Nazi loot to return to Holocaust victims

Delegates agreed to new moves to trace Nazi loot

Valuable artworks confiscated by Nazi Germany could be returned to their pre-war owners under new guidelines on compensating Holocaust victims.

Delegates from 44 countries meeting in Washington, have agreed to set up a central registry on art looted by the Nazis which could be established on the Internet.


[ image: Nazis stole billions of dollars of art from Jews]
Nazis stole billions of dollars of art from Jews
The international conference was designed to get nations, museums and individuals to re-examine their collections in an unprecedented post-World War II search.

Missing paintings include works by old masters such as Picasso and Cezanne.

Russia took immediate action, handing over a list of several hundred works of art taken from Austrian Jews which was distributed to various art galleries and museums in Austria.

On Tuesday, Moscow said it would try to identify and return the art looted by the Nazis and subsequently plundered by Stalin's troops as "reparations" for Germany's wartime assault.

Germany also announced that any work now owned by the government which had been taken from a Holocaust victim, could be returned to the survivors or their successors.

But our correspondent Nick Bryant says there are fears in the art world that the guidelines could lead to a slump in the auction market, by creating greater uncertainty amongst buyers.

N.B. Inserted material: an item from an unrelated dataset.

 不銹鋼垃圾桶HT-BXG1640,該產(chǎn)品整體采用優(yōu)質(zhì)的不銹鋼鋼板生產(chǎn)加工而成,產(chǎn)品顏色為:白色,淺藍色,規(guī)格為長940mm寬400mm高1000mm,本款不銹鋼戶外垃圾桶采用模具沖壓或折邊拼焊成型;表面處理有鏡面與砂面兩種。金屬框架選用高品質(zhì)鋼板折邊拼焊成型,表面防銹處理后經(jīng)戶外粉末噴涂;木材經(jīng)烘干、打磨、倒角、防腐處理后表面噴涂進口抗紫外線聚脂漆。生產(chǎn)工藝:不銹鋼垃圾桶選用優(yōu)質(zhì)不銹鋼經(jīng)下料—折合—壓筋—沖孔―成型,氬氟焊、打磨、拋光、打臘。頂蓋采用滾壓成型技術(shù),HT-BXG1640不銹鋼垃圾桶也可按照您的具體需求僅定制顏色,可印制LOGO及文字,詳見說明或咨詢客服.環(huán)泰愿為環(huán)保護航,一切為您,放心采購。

'Every museum has Nazi loot'

The total value of Holocaust era assets is not known. But Ronald Lauder, of the Museum of Modern Art in New York, estimates 110,000 pieces of art worth $10 billion to $30bn are still missing.

Mr Lauder, who heads the World Jewish Congress's art recovery commission, says every institution, art museum and private collection has some of these missing works.

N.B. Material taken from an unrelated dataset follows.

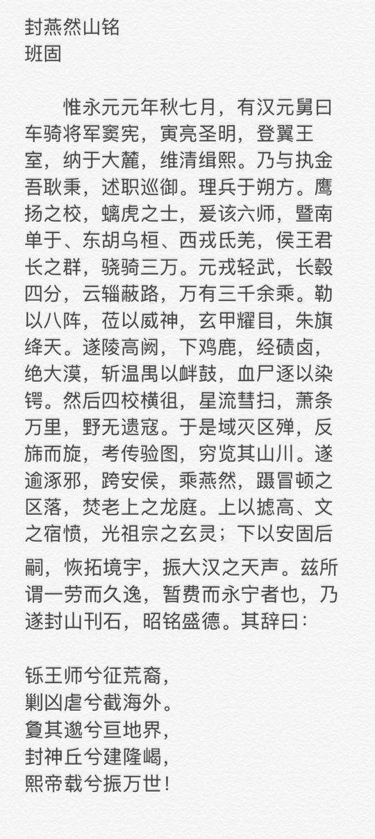 《封燕然山铭》是东汉历史学家、辞赋家班固所作,不单是是历史记载最早的刻石纪功碑之一,由于其语言优美,文体新颖,也是重要的文学典故之一,对后世文学产生深远影响。唐代诗圣李白至少4次在诗中引用了班固勒燕然山的典故。

Stuart Eizenstat, head of the US delegation which organised the conference, said the guidelines were not legally binding, but represented a moral commitment to trace and return stolen art.

"The art world will never be the same in the way it deals with Nazi-confiscated art," Mr Eizenstat added.

"From now on, the sale, purchase, exchange and display of art from this period will be addressed with greater sensitivity and a higher international standard of responsibility."